▶ EXERCISE AIM
In the copy, include exactly the lines from the one with "打入鸡蛋,放入切碎的葱花、盐搅匀。" through the end of the data and no others, both ends kept, with every picture left out.

━━━━━ GIVEN DATA ━━━━━

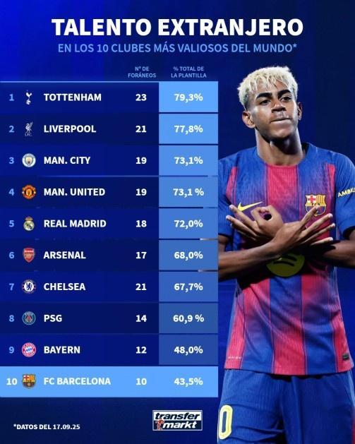 9月18日讯 德国转会市场统计了身价排名前十俱乐部的外籍球员占比,并列出榜单,在身价前十俱乐部之中,热刺外援占比79.3%最高,巴萨43.5%最低。
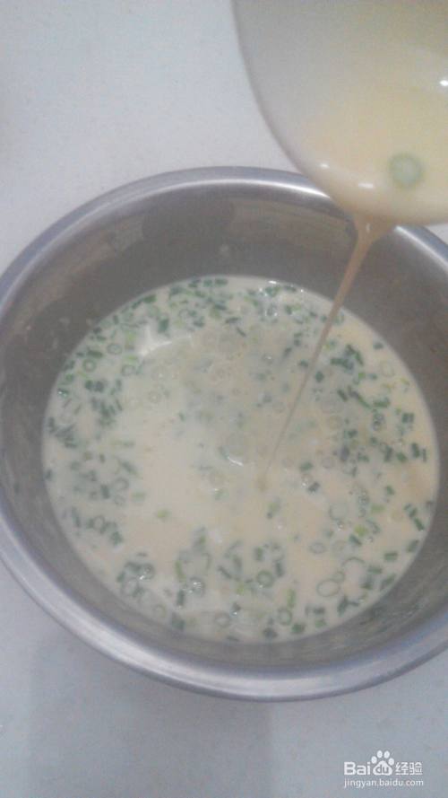打入鸡蛋,放入切碎的葱花、盐搅匀。
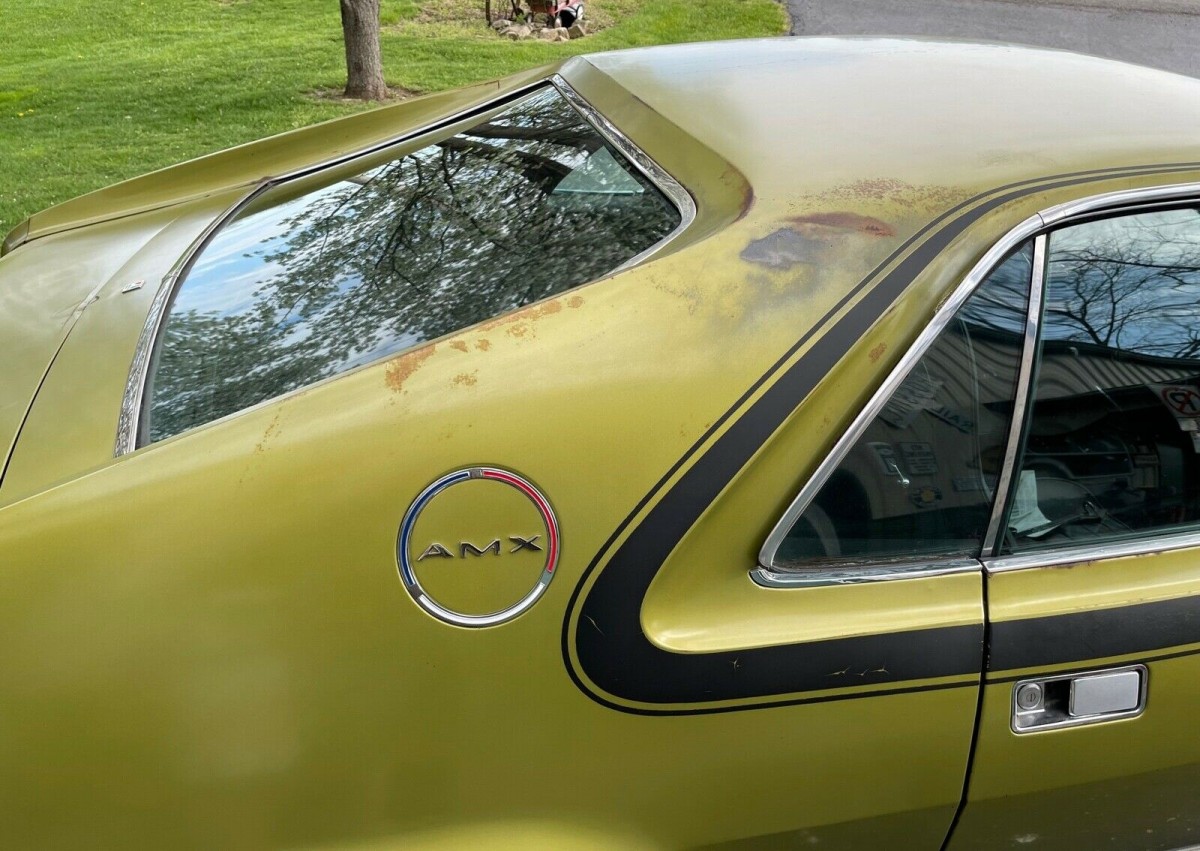 This ’70 AMC is said to carry its original Lime Gold paint and looks good until you get up close. There is fading, discoloration, and a little surface rust on both roof panels near the AMX logo. Probably nothing to worry about right away but something to keep an eye on. Both bumpers have been re-chromed, and the grille and taillights replaced with NOS. The weather stripping is all original, but the seller is sending along a new set should the buyer want to replace it. The interior looks extremely nice as it should given its new leather seat covers and door panels. This car came with factory air conditioning, but the compressor and condenser were removed (and coming with the car).

━━━━━

▶ WRITTEN ANSWER
打入鸡蛋,放入切碎的葱花、盐搅匀。
 This ’70 AMC is said to carry its original Lime Gold paint and looks good until you get up close. There is fading, discoloration, and a little surface rust on both roof panels near the AMX logo. Probably nothing to worry about right away but something to keep an eye on. Both bumpers have been re-chromed, and the grille and taillights replaced with NOS. The weather stripping is all original, but the seller is sending along a new set should the buyer want to replace it. The interior looks extremely nice as it should given its new leather seat covers and door panels. This car came with factory air conditioning, but the compressor and condenser were removed (and coming with the car).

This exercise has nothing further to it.